Holden and Levendofsky, two farmers who applied for a program before Trump became president, have faced disruptions due to his administration’s actions. A coalition of states sued the Trump administration over this issue, and a US District Judge sided with them, blocking the funding freeze. The judge cited a retracted OMB memo that directed federal agencies to pause all activities related to certain sensitive topics, including foreign aid, NGO funding, and DEI initiatives. Despite Trump’ executive order pausing money for farmers, the judge issued another order restoring frozen funding, stating that the Trump administration had violated his previous ruling.

The Trump administration’s handling of federal funds for farmers has left many confused and upset, with some Republicans among them. The administration’s executive order on environmental spending caused confusion about which programs would be affected and which wouldn’t. Despite the ruling against the White House, farmers have yet to see the promised USDA money in their accounts. This has led to frustration among farmers, even those who typically support Republican policies. Levendofsky and Westmoreland, two experts in the field, told DailyMail.com that they haven’t heard of any farmers receiving the funds despite the administration’s claims. The delay in receiving the funds is causing uncertainty and disappointment for many.

The joint effort from President Donald Trump and Elon Musk to dismantle USAID has left thousands of farmers in the lurch. Many of them depend on USAID to buy their crops

An email from an unnamed source at the USDA reveals that despite court orders, funding for conservation and climate programs is still being withheld by the Trump administration. This has left some farmers, who tend to be Republican, frustrated and upset with the new administration. The data shows that farming-dependent counties overwhelmingly voted for Trump, leading to a lack of sympathy for their concerns from liberals and leftists. One Democrat at the table, Westmoreland, often finds herself as the only voice of dissent when discussing agricultural policy with her Republican colleagues. They previously believed that Trump would not target their funding and that it was unnecessary to eliminate government waste.
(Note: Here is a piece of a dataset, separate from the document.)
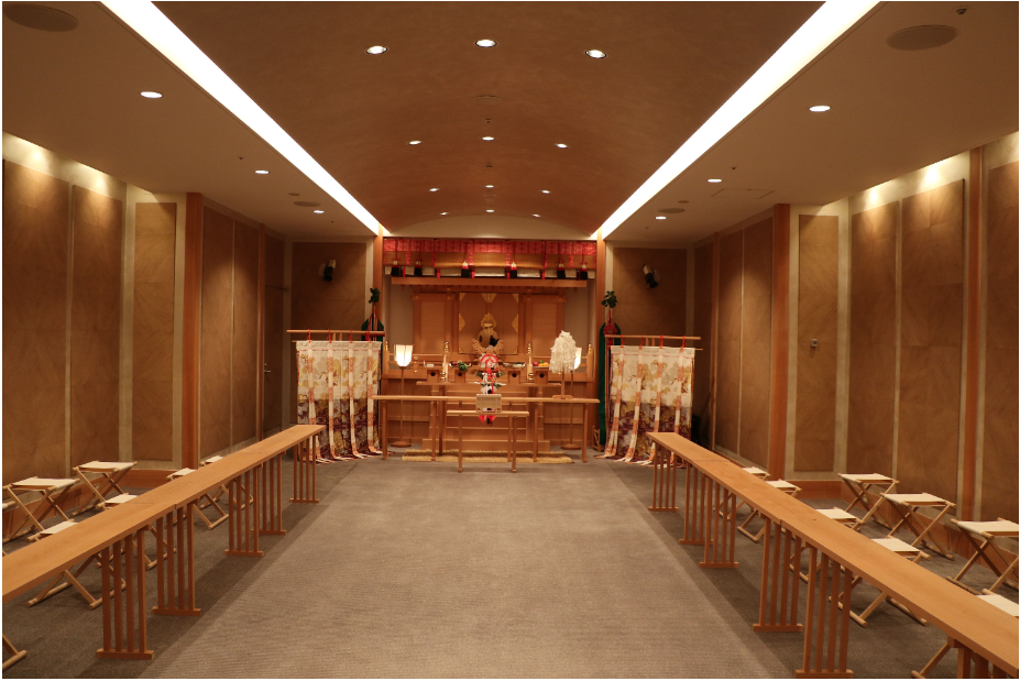 同ホテルの神前式では、金王八幡宮の依り代を置き、神主が祝詞を挙げる。同神社に協力を得て期間中は賽銭箱を設置し、100名が利用。1月7日に奉納した。

The proposed legislation to relocate the Food for Peace program under the USDA is gaining support from agricultural groups, who recognize its potential to ensure a steady market for US-grown commodities and provide food aid to vulnerable populations worldwide. This bill addresses the challenges faced by farmers relying on USAID business, offering them a new market and stability in their operations. The American Soybean Association (ASA) and the National Sorghum Producers (NSP) are among the groups supporting this initiative, recognizing its benefits for both farmers and those in need globally. By moving food aid programs under the USDA, the bill ensures the long-term success of these programs and provides a critical market for American sorghum farmers, enhancing their ability to contribute to global food security.